While using cmp to check a disk for errors, I noticed that it was pretty slow.
The first problem is that it's doing small reads on the disk device file, which in turn issues small read transactions to the drive. Throughput was 50MB/s. Using dd on the disk with 128KB blocks yields 179MB/s.
Piping it through dd instead made it faster:
dd if=/dev/ada1p1 bs=128k | cmp - /dev/zero
But throughput was only 95MB/s and for some reason dd was stuck at 75% CPU. Oddly enough, this command was faster:
cmp <(dd if=/dev/ada1p1 bs=128k) /dev/zero
Then throughput was 139MB/s and the CPU was maxed out.
Turns out cmp has a mmap-based optimization that only applies to regular files; special files and pipes, etc, all fall back to a naive stdio-based implementation.
So I changed it to use read syscalls directly instead (with MAXBSIZE reads like wc(1) is doing), which makes it send larger read requests when used on a disk device file directly (and also use less CPU time). Then I added an opportunistic memcmp() and optimized the line counting for both the regular and special file cases. They both use a common routine to compare chunks now.
On this machine, considering only user time, now it's about 3 to 4 times faster for regular files and 6 to 10 times faster for non-regular files. If -s/-l/-x are used (so it doesn't need to count lines) it's about 7 to 9 times faster for regular files and more than 20 times faster for non-regular files.

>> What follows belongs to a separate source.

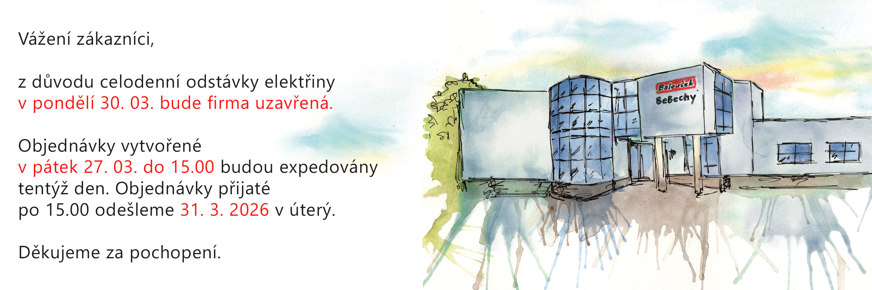 Baloušek, s.r.o., je zárukou kvality, rychlosti dodání a přátelského přístupu zaměstnanců. Jsme seriózní firmou, vyrostlou na rodinných základech, která plní své závazky a dělá vše pro spokojenost zákazníka, který je naším partnerem.

It needed a fast way to count lines, so I added it to wc too (sharing the code the same way syslogd/wall are doing). It's now 3 to 5 times faster when only counting lines (-l without -L). It uses a scary looking bit twiddling hack from this page though:
https://graphics.stanford.edu/~seander/bithacks.html#HasLessInWord
It seems solid though. It's never miscounting lines based on my tests (with concatenated text files, binaries, random files, etc). On some other CPUs (especially those that won't do fast 64 bits operations) the speed up might be much less though.